----- Extracted records -----

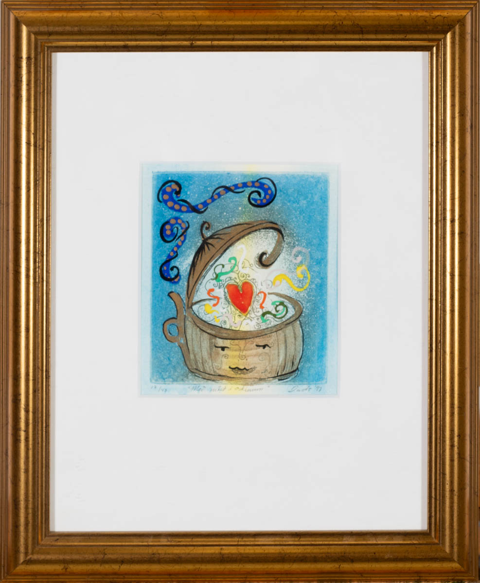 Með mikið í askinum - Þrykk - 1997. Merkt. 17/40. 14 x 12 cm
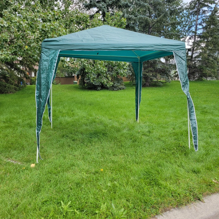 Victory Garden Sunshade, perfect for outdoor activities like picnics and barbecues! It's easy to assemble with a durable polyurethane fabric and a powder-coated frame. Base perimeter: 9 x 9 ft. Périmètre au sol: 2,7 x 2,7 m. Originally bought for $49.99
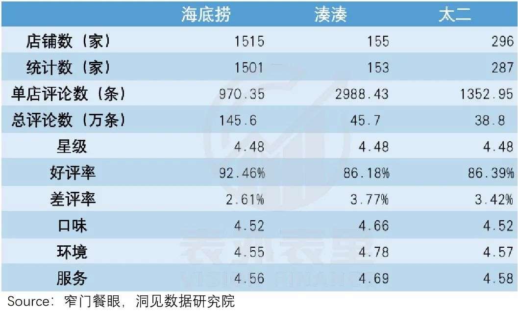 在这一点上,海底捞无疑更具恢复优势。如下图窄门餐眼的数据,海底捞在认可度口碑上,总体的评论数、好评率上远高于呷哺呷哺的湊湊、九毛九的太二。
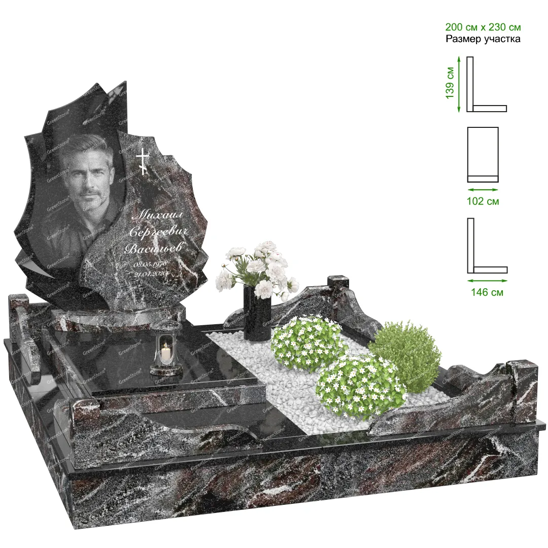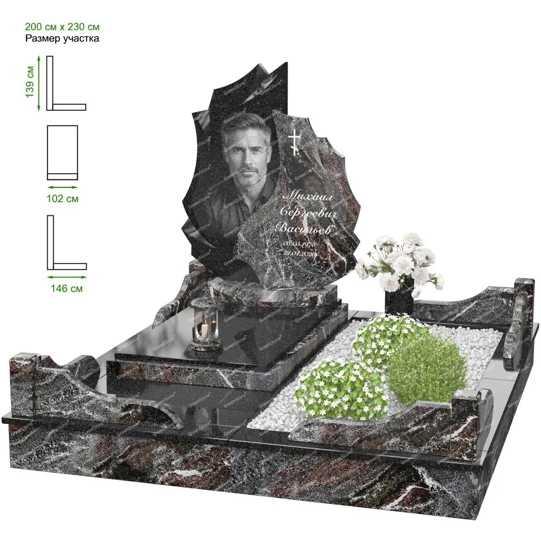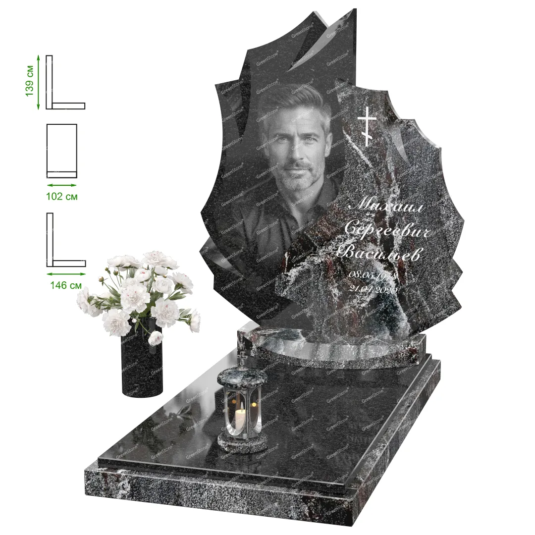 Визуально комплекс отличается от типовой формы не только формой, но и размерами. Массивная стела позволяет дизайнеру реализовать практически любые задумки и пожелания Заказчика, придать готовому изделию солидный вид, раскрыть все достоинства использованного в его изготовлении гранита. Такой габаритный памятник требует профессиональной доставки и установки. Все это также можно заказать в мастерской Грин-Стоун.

-----
----- Extracted records -----

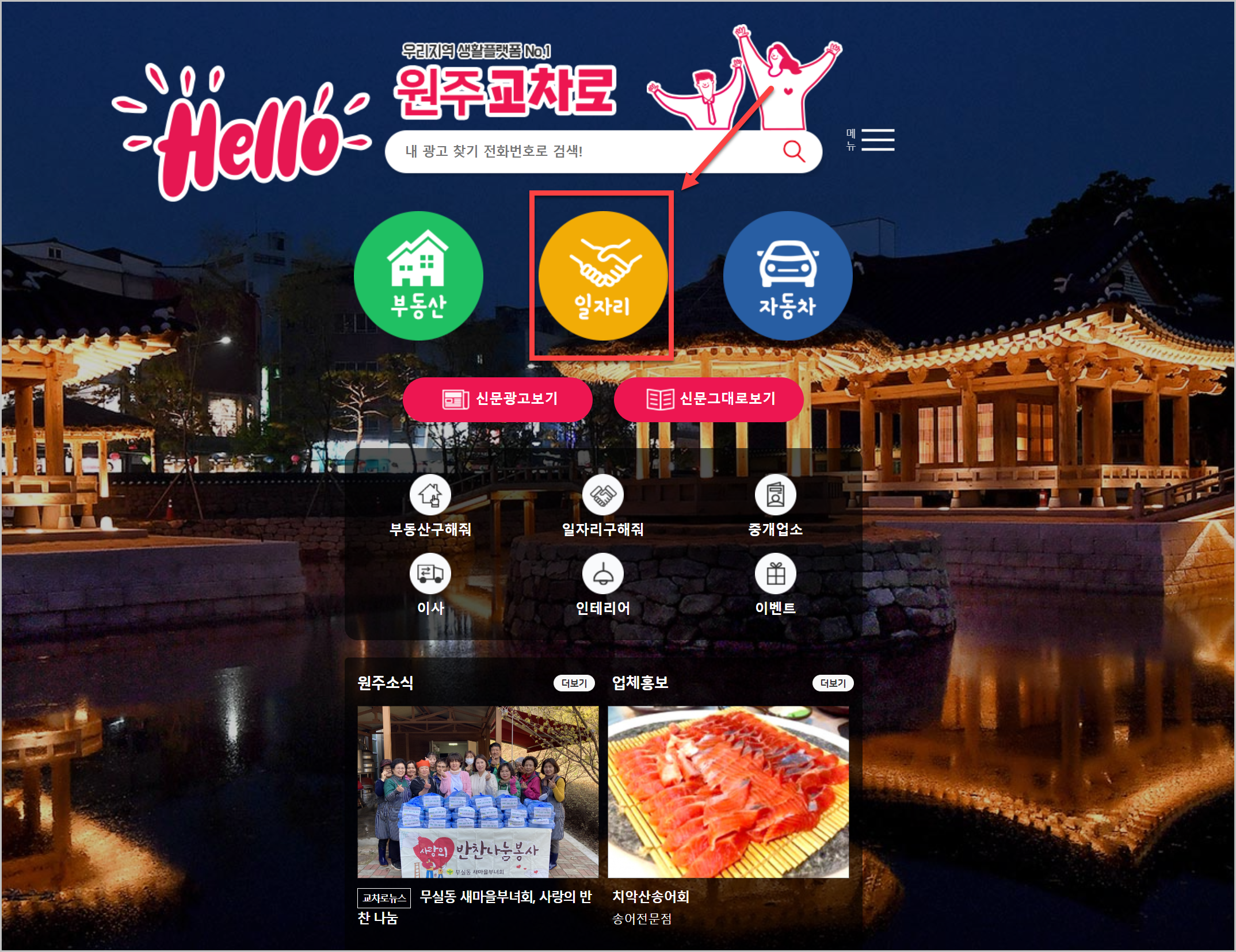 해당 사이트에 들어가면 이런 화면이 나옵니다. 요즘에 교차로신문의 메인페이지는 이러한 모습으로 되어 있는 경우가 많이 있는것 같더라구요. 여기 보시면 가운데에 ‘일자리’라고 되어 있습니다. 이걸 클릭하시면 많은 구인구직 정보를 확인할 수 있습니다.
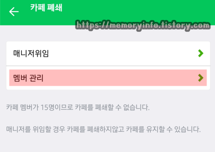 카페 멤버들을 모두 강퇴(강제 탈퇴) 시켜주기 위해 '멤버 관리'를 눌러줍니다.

-----

*What to produce*: Please repeat, exactly as written, the lines in the records above, starting with the one that has "Með mikið í" and going on through the one that has "在这一点上,海底捞无疑更具恢". Pictures are to be left out.

*Task result*:
 Með mikið í askinum - Þrykk - 1997. Merkt. 17/40. 14 x 12 cm
 Victory Garden Sunshade, perfect for outdoor activities like picnics and barbecues! It's easy to assemble with a durable polyurethane fabric and a powder-coated frame. Base perimeter: 9 x 9 ft. Périmètre au sol: 2,7 x 2,7 m. Originally bought for $49.99
 在这一点上,海底捞无疑更具恢复优势。如下图窄门餐眼的数据,海底捞在认可度口碑上,总体的评论数、好评率上远高于呷哺呷哺的湊湊、九毛九的太二。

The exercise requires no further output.